Despite the crowded lot, the grassy straightaway that lead us to the trail was sparsely populated. When we reached the trailhead, we found pretty much everyone else that was visiting that day. They were all hunched over a wooden stand, checking out the trail map before them. When we finally got to the map, we figured out why there were so many confused faces. The map was disorganized and was nearly impossible to decipher. We gave it a glance but gave up on it pretty quickly, deciding just to wander in and see where the trail took us. We were getting a bit skeptical about this place as we trudged in.

You can't tell from the photo, but the map didn't match real life and made no sense

Fortunately, the dense forest filled with beautifully green trees and brush changed our outlook in a hurry. We were quickly encapsulated by the forest. The trail was rough, a bit muddy, and covered in tree roots, but navigable. Hiking with a baby on my back was a new experience, and it made me much more aware of each step. Still, the greenery was enchanting, and the light shown through the trees with a heavenly glow. It was a pleasant and gratifying trudge.


It wasn’t long before we came to an intersection in the trail, which was quite populated thanks to a different trail map, tattered and worn and even more confusing. We tried to make heads or tails of the map but we were just as confused by the incongruent markings on the map as everyone else was. We conferred with other hikers and decided to turn left.


Once we got past the trail map, we were seemingly alone in the forest. There were plenty of other hikers on the trail, but the thick forest made it seem like we were the only ones there. At about that time, Trike became enamored with the view of the tops of the trees. He spent most of the remainder of the hike with his head cocked all the way back, staring straight up at the tree tops and the sky. We could tell he was fascinated by it all. A hiker in the making, no doubt.
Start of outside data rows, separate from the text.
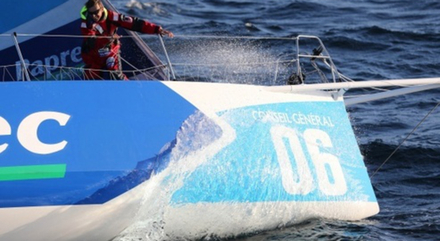 Derrière, Javier Sanso (Acciona 100% EcoPowered) et Arnaud Boissières (Akéna Vérandas) sont conscients que Bernard Stamm (Cheminées Poujoulat) revient fort sur eux. Un skipper suisse soulagé d’avoir retrouvé son autonomie énergétique : « Ça se passe plutôt bien, il y a 200 mètres de visibilité, je suis dans le brouillard mais les conditions sont bonnes. La mer est rangée dans le bon sens et il y a un bon vent. Ça glisse, ça fait du bien. L’hydrogénérateur de bâbord charge à bloc mais celui de tribord, celui qui a merdé, recharge moins bien. Mais à cette vitesse-là c’est suffisant pour charger les batteries ».
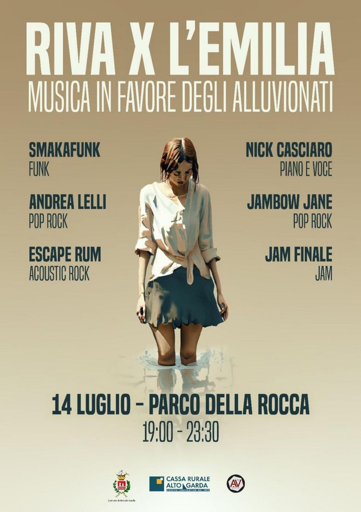 A partire da un’idea del gruppo rivano Jambow Jane, si sono uniti il Comune di Riva del Garda, i vigili del fuoco di Riva del Garda, la Cassa Rurale Alto Garda-Rovereto, le associazioni Art Vision e Cuore e territorio e la Croce Rossa di Forlì e di Cesena per realizzare un concerto a favore delle vittime della disastrosa alluvione dello scorso maggio in Emilia-Romagna, le cui gravissime conseguenze sono ancora lontane dalla soluzione. A esibirsi, dalle 19 fino circa a mezzanotte, saranno gli Smakafunk, Andrea Celli, Escape Rum, Nick Casciaro e gli stessi Jambow Jane, con jam session finale.
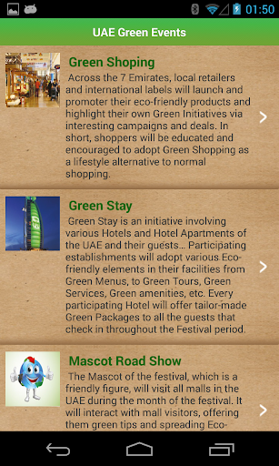 UAE Green Festival App is a free application specially designed to update subscribers with the latest news of the country’s premier sustainable celebration; UAE Green Festival. The app provides a detailed account of the various activities of the festival. It also offers green tips and sustainable instructions
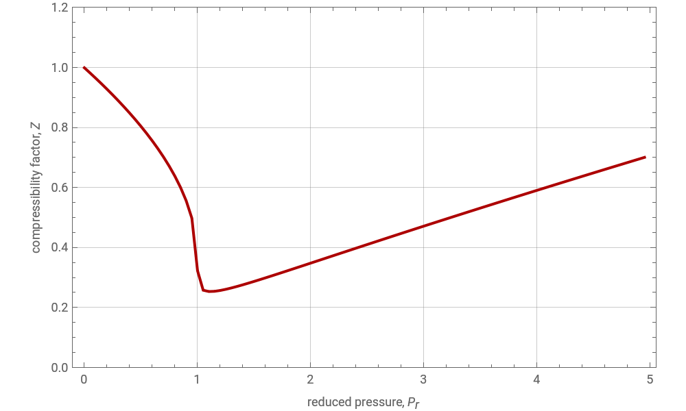 The Soave–Redlich–Kwong equation of state can accurately describe a compound in both liquid and vapor phases. This Demonstration applies this equation of state to estimate and plot the compressibility factor, , versus reduced pressure, =, for ethane at various values of the reduced temperature, =.
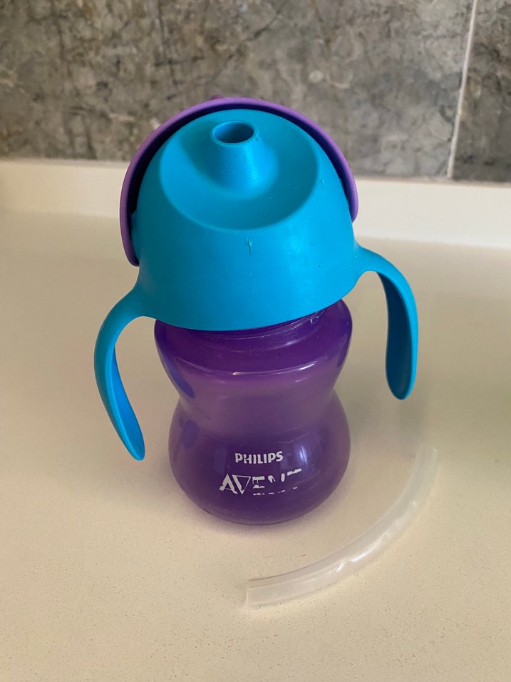 Renkli mor Philips bebek biberonu, kolay içim için saplı mavi kapak . Ağız kısmı yoktur. Yeşillerin ağız pipeti oluyor . Çizikleri vardır
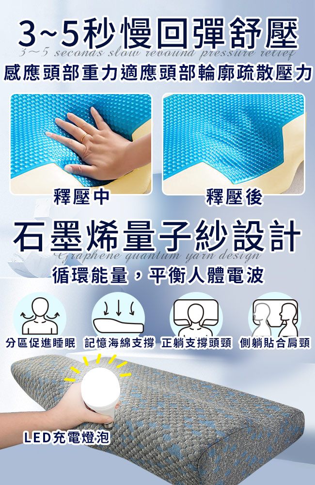 ◆專利量子紗,最新奈米科技讓您在能量的包覆中更健康◆添加石墨烯黑科技抑菌纖維,健康好眠◆智慧分區睡眠,正睡側睡貼合呵護◆涼感冷凝慢回彈記憶枕,恆溫舒爽深層睡眠◆石墨烯量子紗表布◆3~5秒慢回彈釋壓,疏散頭部壓力
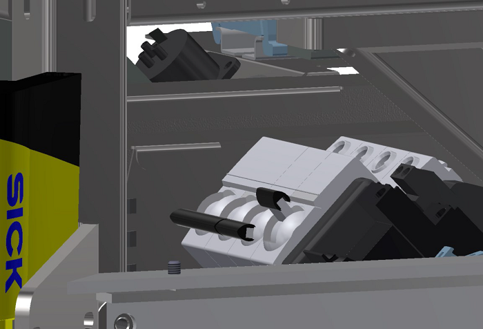 3. 打開放置在角落處鄰近前部激光掃描儀的三個繼電器。從32 A 主電源開始,即從外框向內進行。
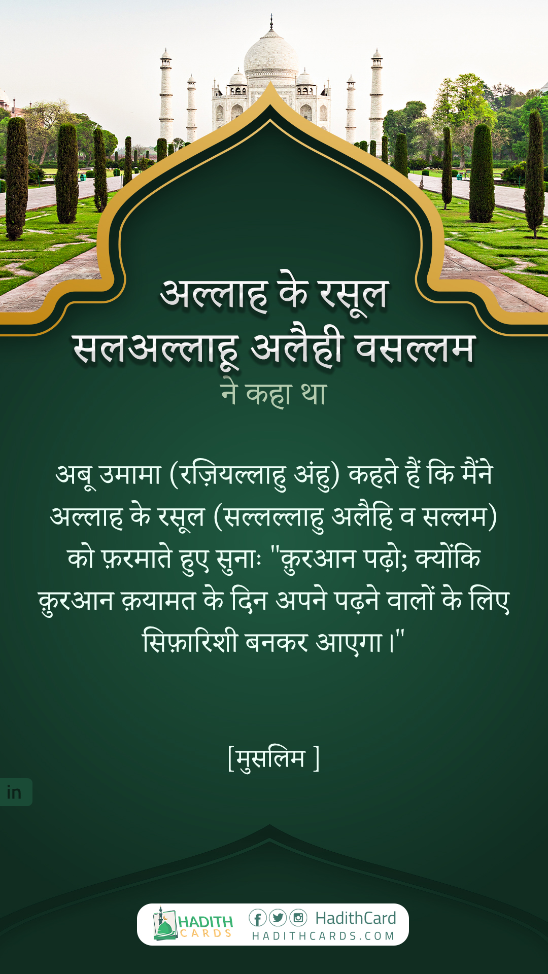 अबू उमामा (रज़ियल्लाहु अंहु) कहते हैं कि मैंने अल्लाह के रसूल (सल्लल्लाहु अलैहि व सल्लम) को फ़रमाते हुए सुनाः "क़ुरआन पढ़ो; क्योंकि क़ुरआन क़यामत के दिन अपने पढ़ने वालों के लिए सिफ़ारिशी बनकर आएगा।
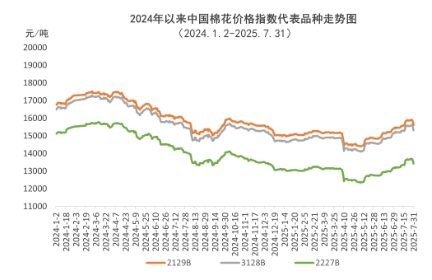 7月中國棉花價格指數(shù)沖高后小幅回落,受一系列宏觀消息和供應(yīng)趨緊預(yù)期推動,中國棉花價格指數(shù)震蕩上行,月中走高至15500元/噸上方。月末因美國對等關(guān)稅即將實(shí)施,商品市場整體回落,產(chǎn)業(yè)信心受挫,中國棉花價格指數(shù)下行至15325元/噸左右。7月中國棉花價格指數(shù)(CCIndex3128B)月均價為15362元/噸,環(huán)比上漲545元,同比下跌311元。
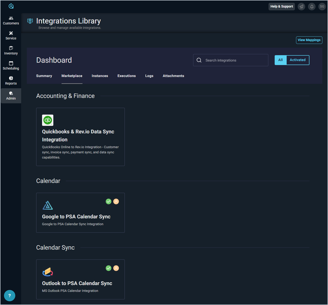 You can also filter the options displayed to only show integrations that are currently active in your Rev.io PSA environment. To do so, simply click the Activated option at the top of the screen. The list of available integrations will update to show only integrations that have been configured for use in your instance by an administrator. Individual users do not need to have configured the integration for it to be included in the list of activated integrations.
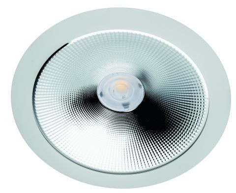 Sanierungsdownlight für die Innenanwendung, IP20 Frontring aus Aluminium pulverbeschichtet Passive Kühlung über den Reflektor Trompetenreflektor aus Aluminium, aluminium eloxiert, hochglänzend Gehäusefarbe: weiß Hochwertige Optik aus Silikatglas zur präzisen Lichtlenkung und sehr guter Entblendung Homogene symmetrische Ausleuchtung, UGR<19 Ausstrahlwinkel: 60° Leistung: 15 W, 17 W, 19 W oder 21 W (über Dipschalter am Konverter einstellbar) Lichtfarbe: 3000 K, 3500 K oder 4000 K (über Schiebeschalter am Konverter einstellbar) Lichtstrom: 1970 lm, 2190 lm, 2450 lm oder 2670 lm (je nach Leistung) CRI: >80 Lebensdauer L70B50: >= 50.000 h Eingangsspannung: 220-240 V AC, 50/60 Hz, 176-280 V DC Schutzklasse II ET: 90 mm, DA: 275-300 mm, Außendurchmesser: 320 mm Deckenstärke 1 - 30 mm Einwurf-Betriebsgerät On/Off mit Leuchtenkabel vormontiert für leichten Einbau Durchgangsverdrahtungstauglich dieses Produkt enthält eine Lichtquelle der Energieeffizienzklasse C

We didn’t see much wildlife during our hike, other than a small chipmunk at the edge of the trail. However, plenty of birds made these woods their home, as apparent by the frequent chirping and song present whenever we made a conscious effort to listen for it. At one point we heard the unmistakable tap tap tap tap tap tap of a woodpecker, though we couldn’t locate it among the trees.


As we kept going, the trail became more hilly, and more muddy. We worked up a good sweat as we proceeded, and we were extra careful at the muddy patches. Trike's presence made us much more cautious in that regard.

Fortunately, we successfully navigated the trail without incident, and eventually we arrived at the river’s edge. The river was prominent enough to draw attention, yet shallow enough to cross it if you had a good pair of boots. We were in sneakers, so we kept to the river’s edge. It made for a great place to rest for a while. It may have been the apex of the hike, but because of the shoddy map, we weren’t sure. It ended up being the apex for us anyway.


When we turned back, we took a different route. The tail forked, and we went in the direction that brought us uphill. This portion was even less populated, and we were seemingly alone in the forest for the majority of the stretch. It was more muddy than the trails we were on previously, but we avoided the mud well enough and stayed upright. All the while, Trike was cooing and kicking his legs in delight.


Our trail selection was a leap of faith, but it paid off, as we ended up back at the second trail map. From there, it was an easy hike back to the trailhead. We were happy about that, as we were sweating like crazy, and Trike’s face was turning red.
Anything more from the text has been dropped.